Nonostante la confusione, spesso creata ad arte, a proposito della rosacroce e dei rosacruciani, è necessario tirare le giuste somme dai dati che abbiamo esposto nella nostra indagine sulla fine del medioevo e l’inizio dell’evo moderno.
1. Nell’ambito della tradizione cattolica, ovvero nell’area europea coincidente con l’Impero d’Occidente (Sacro Romano Impero), dopo il ritiro dell’iniziazione monastico-sacerdotale, la distruzione dell’Ordine del Tempio segnò la fine delle vie iniziatiche cavalleresche. Rimasero viventi le organizzazioni iniziatiche di mestiere.
2. Il vuoto lasciato dalla scomparsa del sapere sacerdotale fu surrogato dall’affioramento del misticismo, fenomeno non iniziatico e, in qualche modo, ‘spontaneo’.
3. L’ermetismo ‘cristiano’ fu una ricostruzione libresca operata da eruditi occultisti rinascimentali, senza alcuna trasmissione reale dall’ermetismo alessandrino né da quello arabo.

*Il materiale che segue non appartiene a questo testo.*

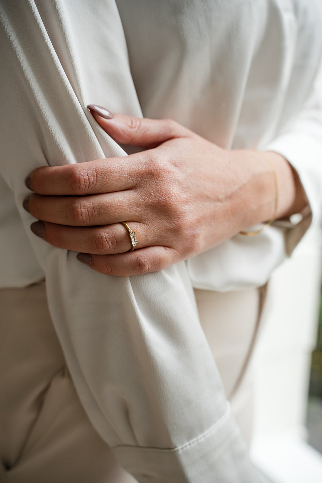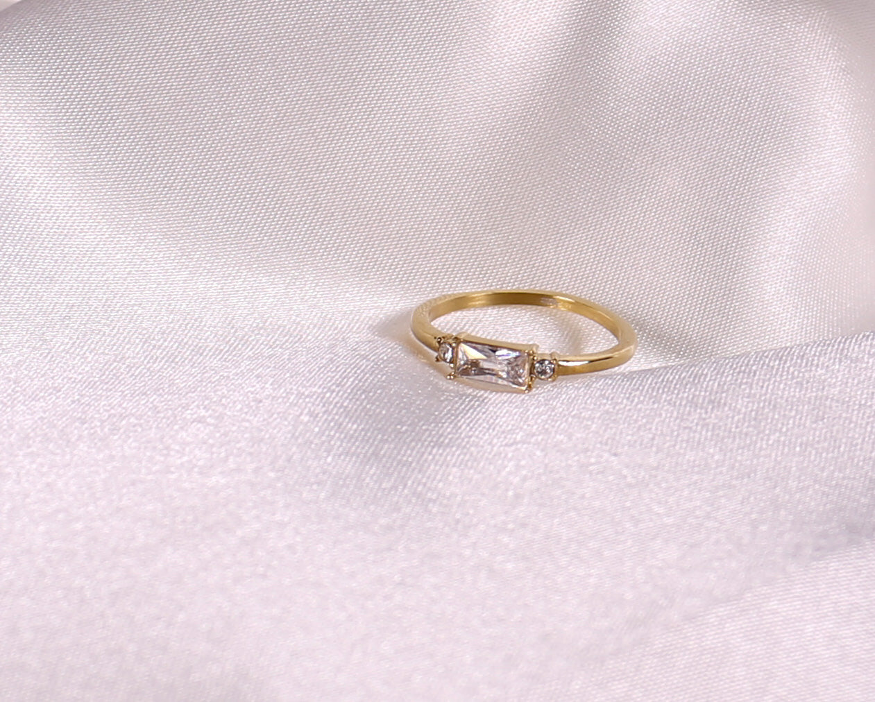 Deze prachtige ring heeft een rechthoekige steen met aan beide kanten een kleine ronde steen. De band van de ring heeft een gladde structuur dat zorgt, wat deze ring een echte klassieker maakt. De ring is gemaakt van stainless steel, verguld met een laagje 18K gold plated, waardoor de ring niet verkleurt.

4. Chi si pose il problema della trasmissione iniziatica si rivolse alla qabbalah ebraica. Anche in questo caso non avvenne alcuna trasmissione. Anzitutto perché gli ermetisti rinascimentali furono attratti dalla deviazione mistica, magica e apocalittica della qabbalah; in secondo luogo, poiché non si convertirono al giudaismo, ma inventarono una qabbalah cristiana che avrebbe avuto lo scopo inverso, quello di convertire gli ebrei. Non avendo più alcuna nozione circa la trasmissione iniziatica, gli intellettuali del rinascimento sovrapposero la magia qabbalistica sulla magia ermetica ‘cristiana’, di dubbia regolarità persino ai loro occhi.
5. Il nuovo pensiero fu costruito come un marchingegno per distruggere tutto ciò che rimaneva della tradizione medievale: le vie iniziatiche di mestiere ancora esistenti, la struttura ecclesiale con la sua teologia e l’ideale del Santo Impero.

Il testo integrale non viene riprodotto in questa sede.